▶ [STORED DATA]

========

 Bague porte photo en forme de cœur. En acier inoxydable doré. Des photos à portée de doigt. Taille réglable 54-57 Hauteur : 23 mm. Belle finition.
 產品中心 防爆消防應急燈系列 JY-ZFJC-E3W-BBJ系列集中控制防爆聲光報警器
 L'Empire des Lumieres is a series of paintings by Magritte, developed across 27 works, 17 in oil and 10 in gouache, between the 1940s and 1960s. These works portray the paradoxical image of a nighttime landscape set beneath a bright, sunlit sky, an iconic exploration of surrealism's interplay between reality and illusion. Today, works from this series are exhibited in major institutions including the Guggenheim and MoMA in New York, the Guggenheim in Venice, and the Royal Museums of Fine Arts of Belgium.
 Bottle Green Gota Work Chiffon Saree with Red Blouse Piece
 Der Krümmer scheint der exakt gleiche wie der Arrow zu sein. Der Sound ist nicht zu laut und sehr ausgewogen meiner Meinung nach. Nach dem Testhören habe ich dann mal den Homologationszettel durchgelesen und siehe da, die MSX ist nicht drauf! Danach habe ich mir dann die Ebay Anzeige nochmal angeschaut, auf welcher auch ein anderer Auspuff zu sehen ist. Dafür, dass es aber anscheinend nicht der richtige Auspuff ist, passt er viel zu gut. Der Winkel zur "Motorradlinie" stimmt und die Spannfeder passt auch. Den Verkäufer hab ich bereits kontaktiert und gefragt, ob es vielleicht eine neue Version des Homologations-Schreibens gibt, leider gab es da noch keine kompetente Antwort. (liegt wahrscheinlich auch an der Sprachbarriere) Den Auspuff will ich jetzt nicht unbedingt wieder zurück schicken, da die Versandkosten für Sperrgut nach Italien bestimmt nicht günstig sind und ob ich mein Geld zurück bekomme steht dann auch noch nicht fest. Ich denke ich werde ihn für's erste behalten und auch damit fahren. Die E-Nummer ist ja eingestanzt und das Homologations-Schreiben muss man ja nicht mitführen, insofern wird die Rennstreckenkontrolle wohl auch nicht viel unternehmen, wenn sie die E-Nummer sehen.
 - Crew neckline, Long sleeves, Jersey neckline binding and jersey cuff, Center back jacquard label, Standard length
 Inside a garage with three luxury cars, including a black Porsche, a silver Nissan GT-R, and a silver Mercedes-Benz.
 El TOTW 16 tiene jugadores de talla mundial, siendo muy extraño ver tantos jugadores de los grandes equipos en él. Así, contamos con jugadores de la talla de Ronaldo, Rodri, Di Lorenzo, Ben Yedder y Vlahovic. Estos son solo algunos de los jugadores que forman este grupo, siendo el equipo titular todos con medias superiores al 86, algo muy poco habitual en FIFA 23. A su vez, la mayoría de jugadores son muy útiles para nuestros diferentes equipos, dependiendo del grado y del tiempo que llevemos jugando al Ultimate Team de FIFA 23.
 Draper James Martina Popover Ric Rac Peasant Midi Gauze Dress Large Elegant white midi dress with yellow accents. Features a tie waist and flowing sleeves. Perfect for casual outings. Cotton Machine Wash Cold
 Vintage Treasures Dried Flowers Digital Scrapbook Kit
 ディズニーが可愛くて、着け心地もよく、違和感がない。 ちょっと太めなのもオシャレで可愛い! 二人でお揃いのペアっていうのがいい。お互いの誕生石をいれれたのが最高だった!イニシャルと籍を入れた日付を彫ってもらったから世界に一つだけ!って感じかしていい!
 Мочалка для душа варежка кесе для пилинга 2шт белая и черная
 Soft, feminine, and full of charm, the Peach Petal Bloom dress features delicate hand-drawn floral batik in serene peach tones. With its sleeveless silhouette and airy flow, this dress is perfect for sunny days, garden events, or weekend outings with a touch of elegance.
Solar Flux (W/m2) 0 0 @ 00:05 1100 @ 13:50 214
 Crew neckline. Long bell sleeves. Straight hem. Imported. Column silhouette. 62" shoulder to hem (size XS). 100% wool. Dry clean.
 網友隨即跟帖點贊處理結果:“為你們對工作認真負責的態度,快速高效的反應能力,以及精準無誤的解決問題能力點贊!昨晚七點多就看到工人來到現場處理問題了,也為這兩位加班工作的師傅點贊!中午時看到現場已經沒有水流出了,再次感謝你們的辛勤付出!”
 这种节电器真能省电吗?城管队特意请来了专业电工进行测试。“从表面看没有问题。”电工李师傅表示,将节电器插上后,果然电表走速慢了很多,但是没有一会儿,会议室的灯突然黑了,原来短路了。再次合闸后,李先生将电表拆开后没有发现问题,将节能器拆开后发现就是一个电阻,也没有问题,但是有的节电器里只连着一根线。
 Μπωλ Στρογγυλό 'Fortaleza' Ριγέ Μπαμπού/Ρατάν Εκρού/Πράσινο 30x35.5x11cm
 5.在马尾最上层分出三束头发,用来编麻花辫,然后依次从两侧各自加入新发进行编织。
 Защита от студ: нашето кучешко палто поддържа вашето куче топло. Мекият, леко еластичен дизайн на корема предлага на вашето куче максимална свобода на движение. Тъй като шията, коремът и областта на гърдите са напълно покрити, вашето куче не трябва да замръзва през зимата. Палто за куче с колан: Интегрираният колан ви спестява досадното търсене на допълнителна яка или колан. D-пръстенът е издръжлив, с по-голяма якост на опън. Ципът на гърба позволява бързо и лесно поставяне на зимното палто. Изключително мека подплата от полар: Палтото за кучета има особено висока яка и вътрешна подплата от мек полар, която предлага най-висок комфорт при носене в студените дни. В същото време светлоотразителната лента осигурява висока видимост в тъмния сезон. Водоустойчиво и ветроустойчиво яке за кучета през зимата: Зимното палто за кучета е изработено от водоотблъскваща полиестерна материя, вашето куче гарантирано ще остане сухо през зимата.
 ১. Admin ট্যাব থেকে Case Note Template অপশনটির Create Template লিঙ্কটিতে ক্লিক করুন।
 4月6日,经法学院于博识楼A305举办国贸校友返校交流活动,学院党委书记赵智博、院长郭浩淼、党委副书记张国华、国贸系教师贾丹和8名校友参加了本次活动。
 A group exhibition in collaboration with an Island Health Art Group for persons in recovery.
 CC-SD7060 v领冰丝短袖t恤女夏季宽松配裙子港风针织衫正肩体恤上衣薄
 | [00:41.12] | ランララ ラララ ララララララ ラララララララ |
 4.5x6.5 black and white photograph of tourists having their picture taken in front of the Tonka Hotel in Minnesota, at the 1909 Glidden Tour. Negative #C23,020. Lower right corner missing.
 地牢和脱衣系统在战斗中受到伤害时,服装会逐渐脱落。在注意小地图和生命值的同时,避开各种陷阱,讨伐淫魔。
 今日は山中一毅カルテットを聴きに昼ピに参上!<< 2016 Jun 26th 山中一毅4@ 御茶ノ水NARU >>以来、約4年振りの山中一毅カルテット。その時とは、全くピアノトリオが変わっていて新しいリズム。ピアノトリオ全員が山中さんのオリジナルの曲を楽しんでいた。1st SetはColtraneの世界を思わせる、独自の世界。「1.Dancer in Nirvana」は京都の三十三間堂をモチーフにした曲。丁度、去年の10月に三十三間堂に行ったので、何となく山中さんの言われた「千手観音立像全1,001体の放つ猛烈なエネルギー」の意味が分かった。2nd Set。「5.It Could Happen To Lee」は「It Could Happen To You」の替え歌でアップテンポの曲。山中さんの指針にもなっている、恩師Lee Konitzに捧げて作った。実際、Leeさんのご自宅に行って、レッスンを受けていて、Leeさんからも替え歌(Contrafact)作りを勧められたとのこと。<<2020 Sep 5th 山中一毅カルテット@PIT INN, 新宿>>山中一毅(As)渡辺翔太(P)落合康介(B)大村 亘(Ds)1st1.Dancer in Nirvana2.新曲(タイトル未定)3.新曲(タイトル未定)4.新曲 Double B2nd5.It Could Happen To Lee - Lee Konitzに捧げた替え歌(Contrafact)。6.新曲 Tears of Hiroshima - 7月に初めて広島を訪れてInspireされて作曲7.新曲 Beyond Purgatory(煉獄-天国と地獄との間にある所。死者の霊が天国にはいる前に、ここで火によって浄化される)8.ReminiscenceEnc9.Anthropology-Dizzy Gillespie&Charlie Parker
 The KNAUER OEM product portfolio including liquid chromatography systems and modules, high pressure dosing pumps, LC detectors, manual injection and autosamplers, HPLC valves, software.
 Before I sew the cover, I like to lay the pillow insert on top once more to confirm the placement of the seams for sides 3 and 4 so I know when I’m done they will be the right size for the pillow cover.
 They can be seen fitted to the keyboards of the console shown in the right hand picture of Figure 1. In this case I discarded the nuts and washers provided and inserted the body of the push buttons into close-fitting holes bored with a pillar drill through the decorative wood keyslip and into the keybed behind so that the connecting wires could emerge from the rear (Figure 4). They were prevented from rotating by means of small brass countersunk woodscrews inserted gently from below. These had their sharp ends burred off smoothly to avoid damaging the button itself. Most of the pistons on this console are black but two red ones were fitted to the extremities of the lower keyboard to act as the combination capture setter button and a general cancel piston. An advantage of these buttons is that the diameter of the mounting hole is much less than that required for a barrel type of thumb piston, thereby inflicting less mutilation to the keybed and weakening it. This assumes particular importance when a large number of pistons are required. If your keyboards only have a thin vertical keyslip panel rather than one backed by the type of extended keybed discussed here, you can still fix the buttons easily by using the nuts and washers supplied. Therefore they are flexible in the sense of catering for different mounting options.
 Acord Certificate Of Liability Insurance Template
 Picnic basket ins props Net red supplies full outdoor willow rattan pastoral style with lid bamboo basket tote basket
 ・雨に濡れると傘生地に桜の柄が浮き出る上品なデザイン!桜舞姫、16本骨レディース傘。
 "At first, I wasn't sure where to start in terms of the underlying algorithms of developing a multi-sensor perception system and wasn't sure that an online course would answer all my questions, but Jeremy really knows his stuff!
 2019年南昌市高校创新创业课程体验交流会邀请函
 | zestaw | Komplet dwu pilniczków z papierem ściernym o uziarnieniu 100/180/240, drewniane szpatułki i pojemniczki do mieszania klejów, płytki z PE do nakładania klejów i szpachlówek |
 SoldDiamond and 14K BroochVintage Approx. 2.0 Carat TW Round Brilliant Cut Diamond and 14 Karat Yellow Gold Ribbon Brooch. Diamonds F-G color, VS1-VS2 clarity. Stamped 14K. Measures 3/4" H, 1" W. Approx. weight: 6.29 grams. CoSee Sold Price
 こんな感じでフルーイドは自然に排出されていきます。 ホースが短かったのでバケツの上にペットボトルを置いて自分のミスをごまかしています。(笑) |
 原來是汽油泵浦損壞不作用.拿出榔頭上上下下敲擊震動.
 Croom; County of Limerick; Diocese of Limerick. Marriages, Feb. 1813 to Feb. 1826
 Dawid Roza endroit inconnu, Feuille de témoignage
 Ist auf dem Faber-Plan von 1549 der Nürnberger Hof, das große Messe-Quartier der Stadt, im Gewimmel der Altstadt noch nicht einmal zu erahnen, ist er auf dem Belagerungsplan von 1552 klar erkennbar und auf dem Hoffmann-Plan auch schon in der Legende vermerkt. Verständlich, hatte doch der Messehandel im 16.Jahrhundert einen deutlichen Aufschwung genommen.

========

Return the span of lines in the data above that opens at the line with "L'Empire des Lumieres" and closes at the line with "Bottle Green Gota", exactly, ends included, nothing else.

 L'Empire des Lumieres is a series of paintings by Magritte, developed across 27 works, 17 in oil and 10 in gouache, between the 1940s and 1960s. These works portray the paradoxical image of a nighttime landscape set beneath a bright, sunlit sky, an iconic exploration of surrealism's interplay between reality and illusion. Today, works from this series are exhibited in major institutions including the Guggenheim and MoMA in New York, the Guggenheim in Venice, and the Royal Museums of Fine Arts of Belgium.
 Bottle Green Gota Work Chiffon Saree with Red Blouse Piece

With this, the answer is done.